The third way to characterize these methods is by the strategy they employ to extract representations. This is arguably where the “magic” happens in all of these methods and where they differ the most.
To understand why this is important, let’s first define what we mean by representations. A representation is the set of unique characteristics that allow a system (and humans) to understand what makes that object, that object, and not a different one.
This Quora post uses an example of trying to classify a shape. To successfully classify the shapes a good representation might be the number of corners detected in this shape.
In this collection of methods for contrastive learning, these representations are extracted in various ways.
CPC introduces the idea of learning representations by predicting the “future” in latent space. In practice this means two things:
1) Treat an image as a timeline with the past at the top left and the future at the bottom right.
2) The predictions don’t happen at the pixel level, but instead, they use the outputs of the encoder (ie: the latent space)
Finally, the representation extraction happens by formulating a prediction task using the output of the encoder (H) as targets to the context vectors generated by a projection head (which the authors call a context encoder).
In our paper, we find that this prediction task is unnecessary as long as the data augmentation pipeline is strong enough. And while there are a lot of hypotheses about what makes a good pipeline, we suggest that a strong pipeline creates positive pairs that share a similar global structure but have a different local structure.
AMDIM, on the other hand, uses the idea of comparing representations across views from feature maps extracted from intermediate layers of a convolutional neural network (CNN). Let’s unpack this into two parts, 1) multiple views of an image, 2) intermediate layers of a CNN.
1) Recall that the data augmentation pipeline of AMDIM generates two versions of the same image.
2) Each version is passed into the same encoder to extract feature maps for each image. AMDIM does not discard the intermediate feature maps generated by the encoder but instead uses them to make comparisons across spatial scales. Recall that as an input makes its way through the layers of a CNN, the receptive fields encode information for different scales of an input.
AMDIM leverages these ideas by making the comparisons across the intermediate outputs of a CNN. The following animation illustrates how these comparisons are made across the three feature maps generated by the encoder.
The rest of these methods make slight tweaks to the idea proposed by AMDIM.
SimCLR uses the same idea as AMDIM but makes 2 tweaks.
A) Use only the last feature map
B) Run that feature map through a projection head and compare both vectors (similar to the CPC context projection).
As we mentioned earlier, contrastive learning needs negative samples to work. Normally this is done by comparing an image in a batch against the other images in a batch.
Moco does the same thing as AMDIM (with the last feature map only) but keeps a history of all the batches it has seen and increases the number of negative samples. The effect is that the number of negative samples used to provide a contrastive signal increases beyond a single batch size.

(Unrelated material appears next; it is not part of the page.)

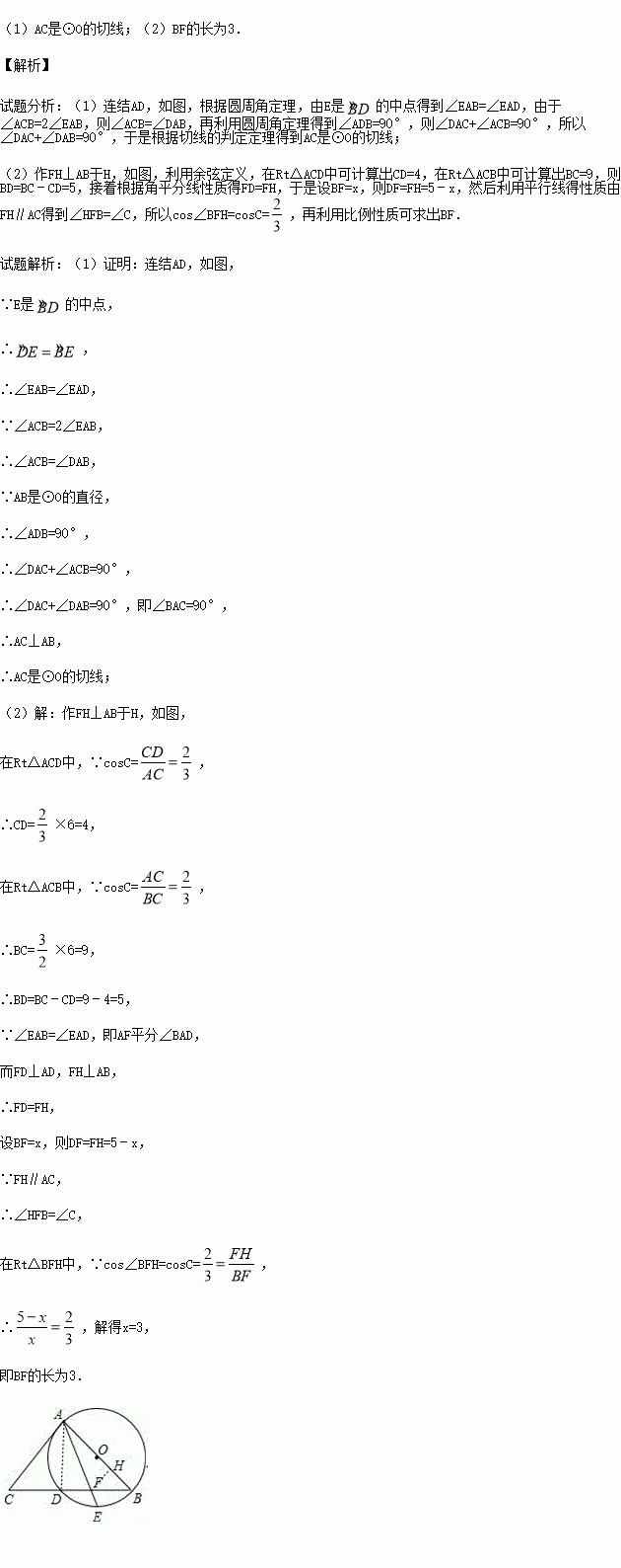 如图,AB是⊙O的直径,BC交⊙O于点D,E是的中点,连接AE交BC于点F,∠ACB=2∠EAB.
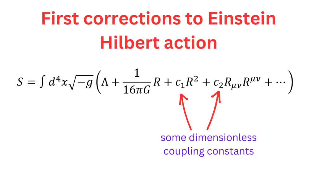 Now, if we want to add corrections to this action, the next logical step is to include terms with operators of dimension [Energy]4 which means that the coupling constants will be dimensionless. We saw before that the Ricci scalar has a dimension of [Energy]2 and this is true for Riemann tensor and Ricci tensor as well (because these quantities too have terms with either a double derivative or a product of two derivatives).

Using the same main ideas as AMDIM (but with the last feature map only), but with two changes.
- BYOL uses two encoders instead of one. The second encoder is actually an exact copy of the first encoder but instead of updating the weights in every pass, it updates them on a rolling average.
- BYOL does not use negative samples. But instead relies on the rolling weight updates as a way to give a contrastive signal to the training. However, a recent ablation discovered that this may not be necessary and that in fact adding batch-normalization is what keeps ensures the system does not generate trivial solutions.

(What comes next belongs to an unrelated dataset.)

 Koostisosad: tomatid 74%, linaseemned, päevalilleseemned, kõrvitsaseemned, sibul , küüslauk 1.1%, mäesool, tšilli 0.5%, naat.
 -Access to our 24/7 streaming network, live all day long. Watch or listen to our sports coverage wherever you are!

Frames their representation extraction task as one of “online clustering” where they enforce “consistency between codes from different augmentations of the same image.” [reference]. So, it’s the same approach as AMDIM (using only the last feature map), but instead of comparing the vectors directly against each other, they compute the similarity against a set of K precomputed codes.
In practice, this means that Swav generates K clusters and for each encoded vector it compares against those clusters to learn new representations. This work can be viewed as mixing the ideas of AMDIM and Noise as Targets.

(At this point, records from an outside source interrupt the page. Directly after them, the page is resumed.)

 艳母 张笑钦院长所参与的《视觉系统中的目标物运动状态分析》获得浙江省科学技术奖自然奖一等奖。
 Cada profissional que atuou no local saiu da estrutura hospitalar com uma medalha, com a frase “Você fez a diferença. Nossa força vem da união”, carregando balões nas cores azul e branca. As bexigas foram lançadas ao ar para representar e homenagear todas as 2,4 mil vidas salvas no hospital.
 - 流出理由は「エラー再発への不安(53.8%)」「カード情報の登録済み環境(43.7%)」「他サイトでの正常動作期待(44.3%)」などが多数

Characteristic 3, takeaways
The representation extraction strategies is where these approaches all differ. However, the changes are very subtle and without rigorous ablations, it’s hard to tell what actually drives results or not.
From our experiments, we found that the CPC and AMDIM strategies have a negligible effect on the results but instead add complexity. The primary driver that makes these approaches work is the data augmentation pipeline.